Dengan naskah cerita yang ditulis oleh duo Adam Cooper dan Bill Collage (The Divergent Series: Allegiant, 2016) bersama dengan Michael Lesslie (Macbeth, 2015), pengisahan Assassin’s Creed dimulai ketika seorang ilmuwan bernama Sophia Rikkin (Cotillard) menghidupkan kembali seorang pembunuh yang baru saja dihukum mati, Callum Lynch (Fassbender). Hal itu dilakukan Sophia bersama sang ayah yang juga merupakan pimpinan Abstergo Industries, Alan Rikkin (Jeremy Irons), untuk melacak jejak masa lalu dari pendahulu Callum Lynch yang diduga merupakan sosok penting bernama Aguilar de Nerha. Walaupun sama sekali mengerti keterlibatannya dalam proyek sains tersebut, Callum Lynch terpaksa mengikuti segala prosedur percobaan yang diberlakukan terhadap dirinya. Secara perlahan, akibat dorongan prosedur percobaan tersebut, Callum Lynch mulai menemukan jejak pendahulunya dan menemukan titik terang dari apa yang sebenarnya diinginkan oleh Sophia dan ayahnya.
Entah mengapa, pengarahan Kurzel yang begitu brilian pada naskah cerita bernuansa politis sekompleks Macbeth kini terasa kehilangan arah dan kekuatannya.

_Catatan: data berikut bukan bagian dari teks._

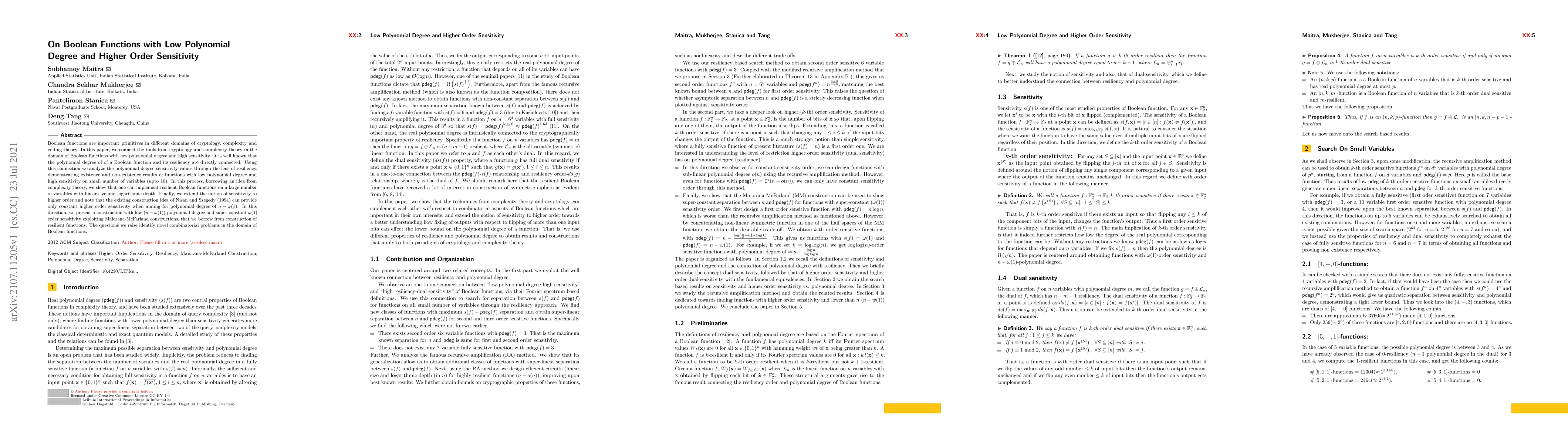 This paper explores Boolean functions with low polynomial degree and high sensitivity, linking tools from cryptology and complexity theory. It demonstrates the existence and non-existence of such functions on a small number of variables and presents a construction with low polynomial degree and super-constant higher order sensitivity, raising novel combinatorial questions.

Bahkan semenjak film ini menampilkan adegan perdananya, Assassin’s Creed telah tampil dengan kualitas yang meragukan. Baiklah, kesalahan tidak sepatutnya dibebankan sepenuhnya pada Kurzel. Naskah cerita arahan Lesslie, Cooper dan Collage juga tidak berada dalam kondisi yang prima dengan begitu banyaknya karakter dan kisah pendukung yang gagal untuk tergali dengan baik. Namun, pengarahan Kurzel membuat naskah cerita terasa tampil lebih buruk. Kurzel seperti terasa kebingungan untuk menempatkan ritme yang tepat bagi penceritaan Assassin’s Creed yang berada dalam dua latar belakang waktu yang berbeda. Hal ini yang membuat Assassin’s Creed lebih sering terasa membingungkan sekaligus berjalan datar daripada terasa sebagai sajian aksi petualangan yang menarik dan memuaskan.
Dari segi teknikal, Assassin’s Creed tampil dengan kualitas yang tidak terlalu buruk. Sebagai sebuah film yang diadaptasi dari permainan video, Assassin’s Creed tampil dengan kualitas teknikal yang berkelas. Kurzel juga cukup lihai menggarap adegan-adegan aksi dan peperangan yang berhasil memberikan film ini momen-momen terbaiknya. Begitu juga dari dari jajaran pengisi departemen akting. Selain Fassbander dan Cotillard, Assassin’s Creed juga didukung penampilan dari Irons, Brendan Gleeson dan Charlotte Rampling. Jelas nama-nama dengan kualitas akting yang jauh dari kesan meragukan. Sayang, dengan kualitas penulisan karakter yang cukup dangkal, penampilan para pemeran film ini menjadi begitu terbatas. Assassin’s Creed akhirnya berakhir sebagai sebuah film dengan potensi yang cukup besar namun gagal untuk dikembangkan menjadi sebuah sajian yang lebih kuat.